• Be willing and able to provide written informed consent for the trial prior to any study specific procedures. The subject must also provide consent for correlative translational study.

• Male or female subjects who are ≥18 years of age on the day of signing the informed consent.

• Histologically or cytologically documented non-squamous NSCLC with completely resectable (Stage II-III) disease.

∙ Note: thick needle biopsy of endobronchial ultrasound (EBUS)/bronchoscopy is acceptable.

• Complete surgical resection of the primary NSCLC must be deemed achievable, as assessed by a multi-disciplinary team evaluation (which should include a thoracic surgeon, specialised in oncologic procedures).

• Performance status (ECOG) 0-1 at enrolment, with no deterioration over the previous 2 weeks prior to baseline or day of first dosing.

• Lung function test results allowing curative surgery by thoracic surgeon's assessment.

• Cardiac function by ECHO cardiography results allowing curative surgery by thoracic surgeon's assessment.

• Have adequate normal organ and marrow function, including the following:

‣ Absolute neutrophil count ≥1.5×109/L.

⁃ Platelet count ≥ 100×109/L.

⁃ Haemoglobin ≥ 9.0 g/dL. Note: The use of granulocyte colony stimulating factor (G-CSF) support, platelet transfusion and blood transfusions to meet these criteria is not permitted.

⁃ Alanine aminotransferase (ALT) and aspartate aminotransferase (AST) ≤2.5 times the upper limit of normal (ULN).
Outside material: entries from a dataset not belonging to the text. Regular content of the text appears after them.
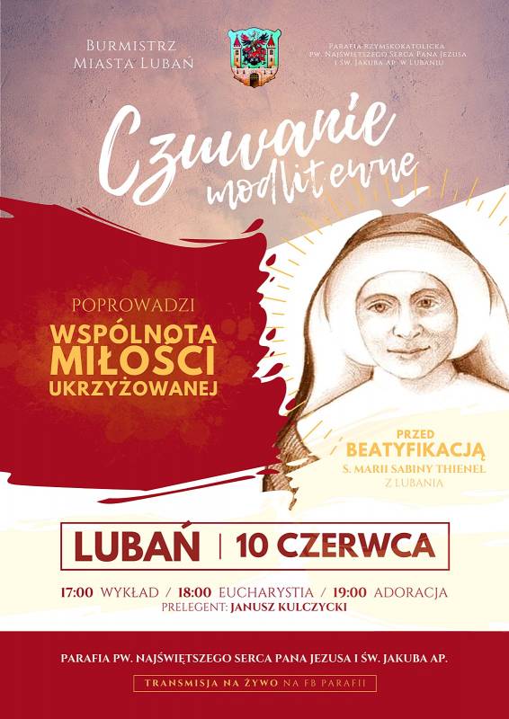 Tuż przed beatyfikacją s. Marii Sabiny Thienel Burmistrz Miasta Lubań, Arkadiusz Słowiński oraz Parafia pw. Najświętszego Serca Pana Jezusa i św. Jakuba Apostoła w Lubaniu zapraszają na Czuwanie Modlitewne, które odbędzie się 10 czerwca 2022 r. (piątek) w kościele na Osiedlu Piastów. Czuwanie poprowadzi Wspólnota Miłości Ukrzyżowanej, która z powodzeniem prowadzi rekolekcje, sesje czy dni skupienia (wydaje też płyty z pieśniami religijnymi).
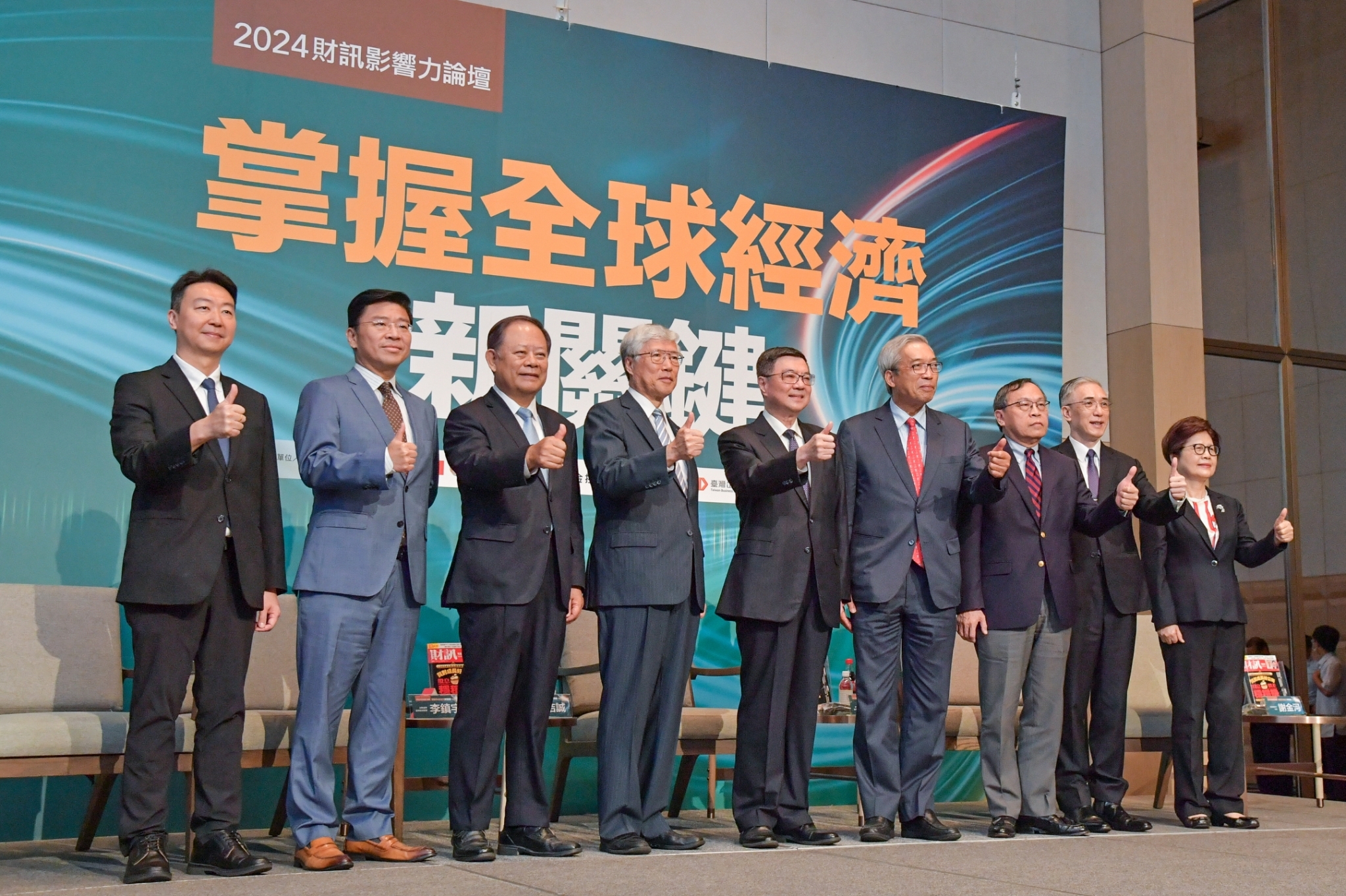 致詞結束後,卓院長與行政院陳世凱發言人、《財訊》雙週刊謝金河社長、日本野村總合研究所首席經濟學家辜朝明、華南金融控股股份有限公司張雲鵬董事長、第一金融控股股份有限公司暨第一商業銀行股份有限公司邱月琴董事長、臺灣銀行呂桔誠董事長、台新金融控股股份有限公司首席經濟學家李鎮宇、富邦金融控股股份有限公司首席經濟學家羅瑋共同合影,為本次論壇揭開序幕。
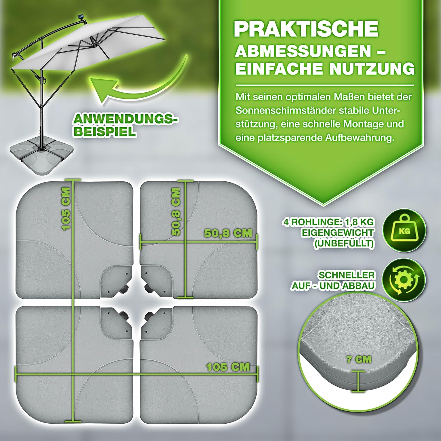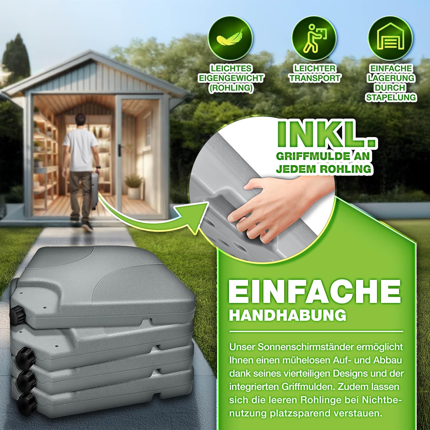 COMPACT ONTWERP: met zijn doordachte, ruimtebesparende ontwerp kan de standaard eenvoudig worden opgeborgen als hij niet in gebruik is. De vier modulaire parasolgewichten kunnen op elkaar worden gestapeld om opbergruimte te minimaliseren. Dankzij de ergonomische handgrepen kunnen de bodemplaten ook bij gevuld gewicht probleemloos naar de gewenste plaats worden verplaatst, perfect voor gebruik op balkon, terras of in de tuin.

⁃ Total bilirubin (TBL) ≤1.5 times the ULN or for patients with documented/suspected Gilbert's disease, bilirubin ≤2 times the ULN.

⁃ Creatinine ≤1.5 times the ULN or creatinine clearance ≥50 mL/min (creatinine clearance can be measured or calculated by Cockcroft and Gault equation). If neoadjuvant chemotherapy is part of the neoadjuvant treatment regimen3, calculated creatinine clearance must be ≥60 mL/min.

• Body weight \>30 kg.

• Life expectancy of \>6 months prior to enrolment.

• A tumour which harbours one of the 2 common EGFR mutations known to be associated with EGFR-TKI sensitivity (Ex19del, L858R), either alone or in combination with other EGFR mutations (ie, T790M, G719X, S7681 and L861Q). Exon 20 insertion co-mutation are not permitted.

• Female patients who are not abstinent (in line with the preferred and usual lifestyle choice of the patient) and intend to be sexually active with a male partner must use highly effective contraceptive measures. Women of child-bearing potential must have a negative urine or serum pregnancy test within 72 hours prior to receiving the first dose of study medication. If the urine test is positive or cannot be confirmed as negative, a serum pregnancy test will be required prior to the first dose of any study treatment if they are of child-bearing potential; or must have evidence of non-child-bearing potential by fulfilling 1 of the following criteria at screening:

‣ Post-menopausal, defined as 50 years of age or more and amenorrhoeic for at least 12 months following cessation of all exogenous hormonal treatments.

⁃ Women under 50 years old would be considered as postmenopausal if they have been amenorrhoeic for 12 months or more following cessation of exogenous hormonal treatments and have luteinizing hormone (LH) and follicle-stimulating hormone (FSH) levels in the post-menopausal range for the institution.

⁃ Documentation of irreversible surgical sterilization by hysterectomy, bilateral oophorectomy or bilateral salpingectomy but not tubal ligation (Further information is available in Appendix B (Definition of Women of Childbearing Potential and Acceptable Contraceptive Methods).

• Male patients must be willing to use barrier contraception.